I\'m working on a screen sharing project ,and i recieve a small blocks of image from a Socket
constantly and need to update them on a certain initial dekstop bitmap
It would be shame to leave that question without some answer. The following is about 10 times faster in my tests when updating small portions of the picture box. What it does basically is smart invalidating (invalidates just the updated portion of the bitmap, considering the scaling) and smart painting (draws only the invalidated portion of the picture box, taken from e.ClipRectangle
and considering the scaling):
private Rectangle GetViewRect() { return pictureBox1.ClientRectangle; }
private void MainScreenThread()
{
ReadData();//reading data from socket.
initial = bufferToJpeg();//first intial full screen image.

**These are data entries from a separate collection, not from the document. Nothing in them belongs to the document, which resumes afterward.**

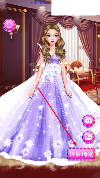 4、完成装扮后,点击“切换场景”按钮,就能更换当前的背景场景,以此展示不同环境下的装扮效果。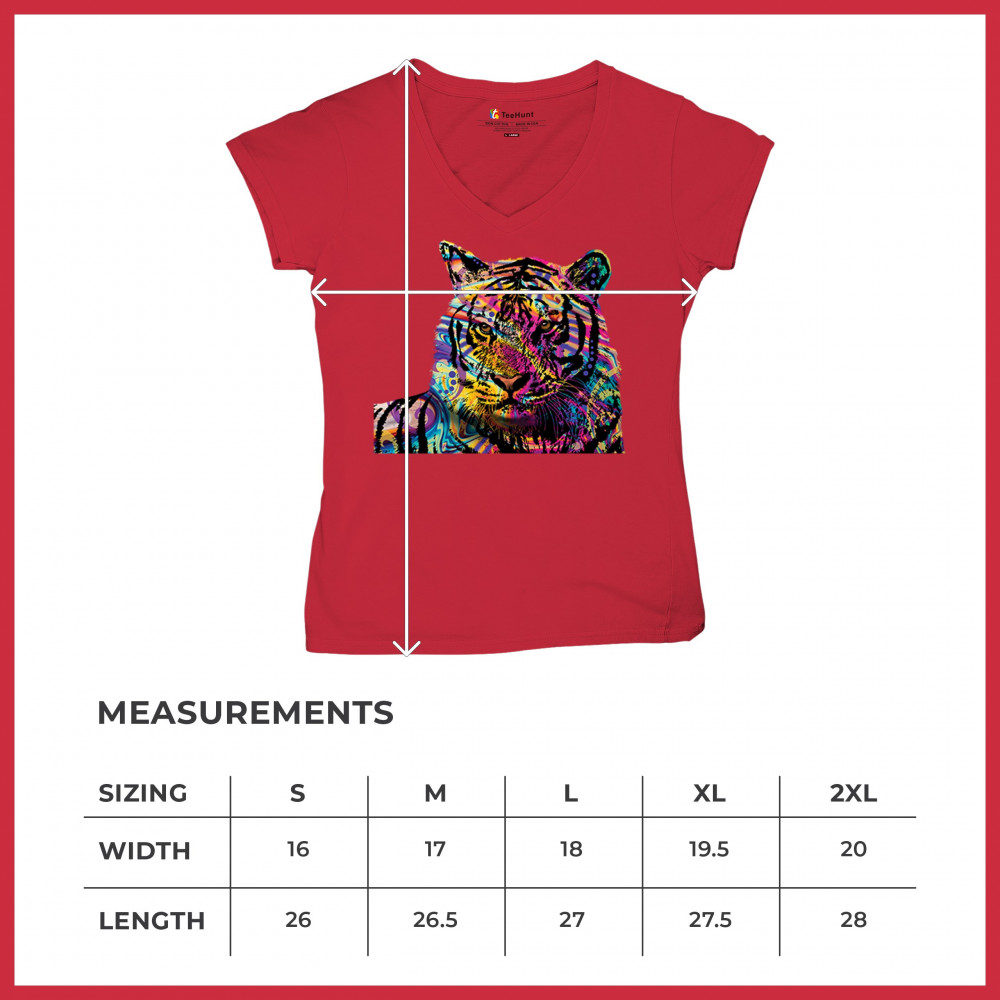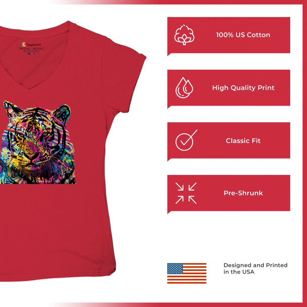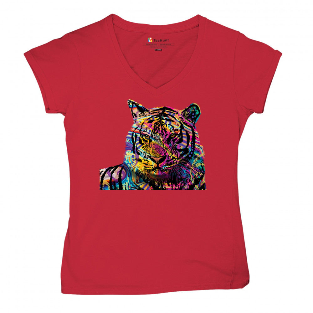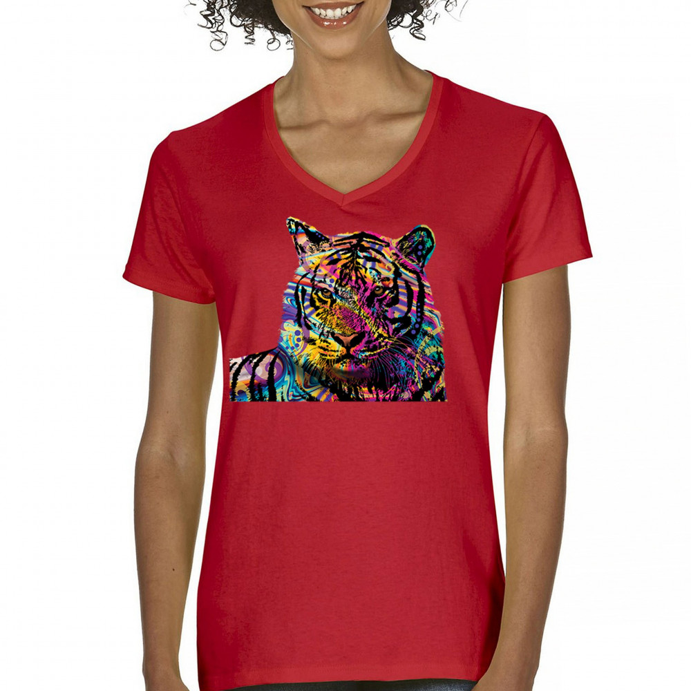DEAN RUSSO COLORFUL NEON SIBERIAN TIGER women's v-neck t-shirt wild big cat tee red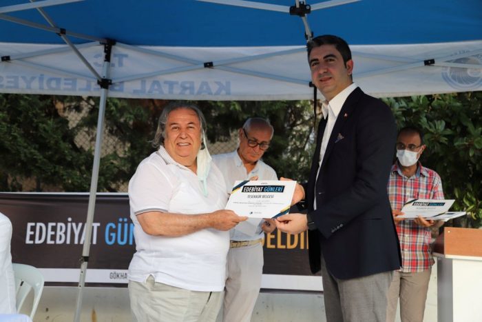 Etkinliğin sonunda söyleşiye katılan usta kalemlere Kartal Belediye Başkanı Gökhan Yüksel tarafından günün anısına teşekkür belgesi takdim edildi.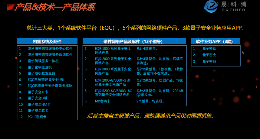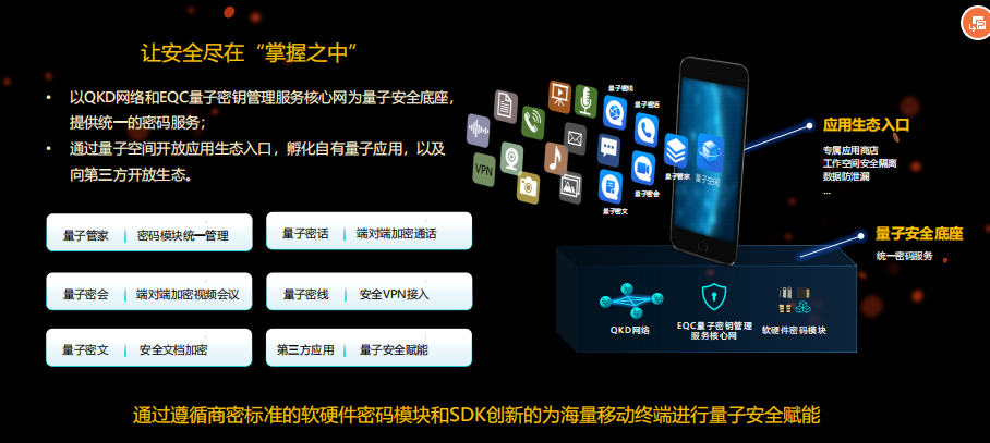 概述:公司主要有四大解决方案:量子保密通信专网解决方案、统一密钥管理服务解决方案、量子安全虚拟专网解决方案、量子安全移动应用解决方案,两大产品体系:量子密钥应用硬件平台和量子安全移动应用平台。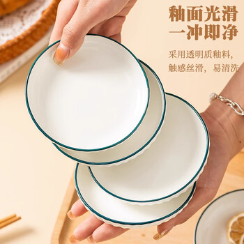 传旗 小碟子 4英寸4只 蘸料碟 陶瓷吐骨碟小菜碟盘碟 霜华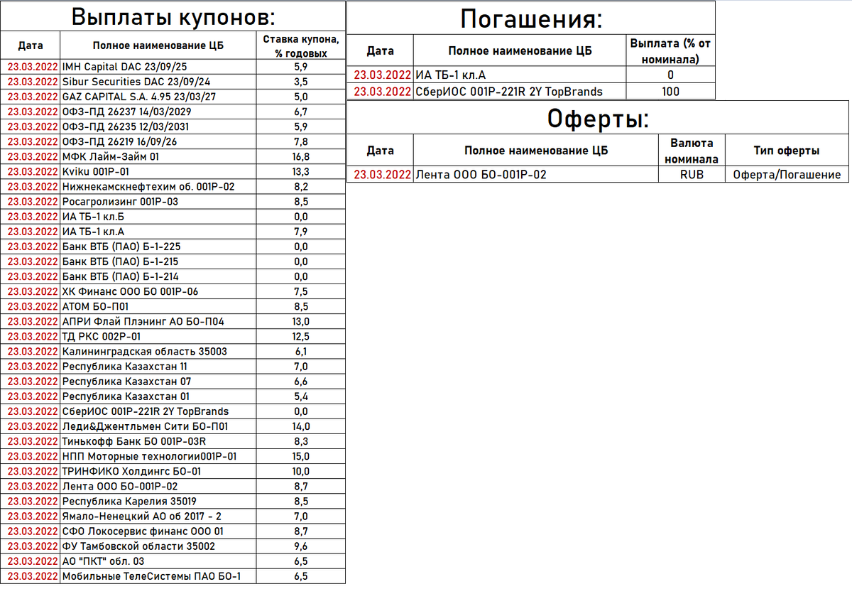Выплаты, оферты и погашения облигаций на текущей неделе: сегодня 23.03.2022 года.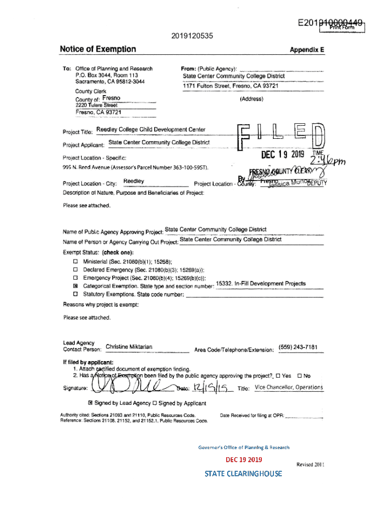 E201p19ggj2019120535Notice of Exemption To : Office of Planning and Research. O. Box 3044, Room 113 Sacramento, CA 958123044Appendix E From: (Public Agency) : State Center Community College District1171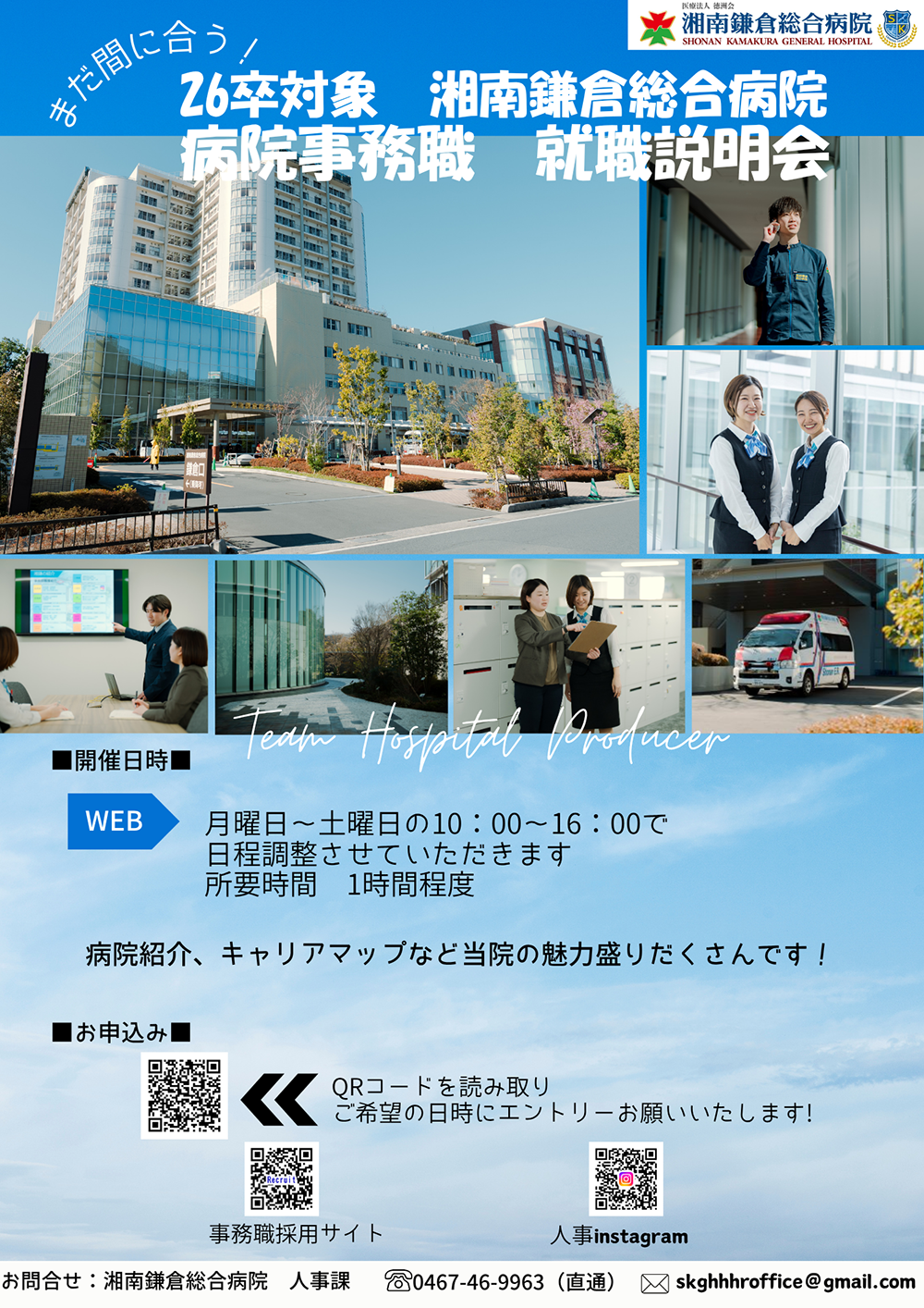 | 開催内容 | ①湘南鎌倉総合病院と病院事務職について ②採用情報について |

pictureBox1.Paint += pictureBox1_Paint;//activating the paint event.
// The update action
Action updateAction = imageRect =>
{
var viewRect = GetViewRect();
var scaleX = (float)viewRect.Width / initial.Width;
var scaleY = (float)viewRect.Height / initial.Height;
// Make sure the target rectangle includes the new block
var targetRect = Rectangle.FromLTRB(
(int)Math.Truncate(imageRect.X * scaleX),
(int)Math.Truncate(imageRect.Y * scaleY),
(int)Math.Ceiling(imageRect.Right * scaleX),
(int)Math.Ceiling(imageRect.Bottom * scaleY));
pictureBox1.Invalidate(targetRect);
pictureBox1.Update();
};
while (true)
{
int pos = ReadData();
x = BlockX();//where to draw :X
y = BlockY();//where to draw :Y
Bitmap block = bufferToJpeg();//constantly reciving blocks.
Draw(block, new Point(x, y));//applying the changes-drawing the block on the big initial image.using native memcpy.
// Invoke the update action, passing the updated block rectangle
this.Invoke(updateAction, new Rectangle(x, y, block.Width, block.Height));
}
}
private void pictureBox1_Paint(object sender, PaintEventArgs e)
{
lock (initial)
{
var viewRect = GetViewRect();
var scaleX = (float)initial.Width / viewRect.Width;
var scaleY = (float)initial.Height / viewRect.Height;
var targetRect = e.ClipRectangle;
var imageRect = new RectangleF(targetRect.X * scaleX, targetRect.Y * scaleY, targetRect.Width * scaleX, targetRect.Height * scaleY);
e.Graphics.DrawImage(initial, targetRect, imageRect, GraphicsUnit.Pixel);
}
}
The only kind of tricky part is determining the scaled rectangles, especially the one for invalidating, due to floating point to int conversions required, so we make sure it's eventually a little bigger than needed, but not less.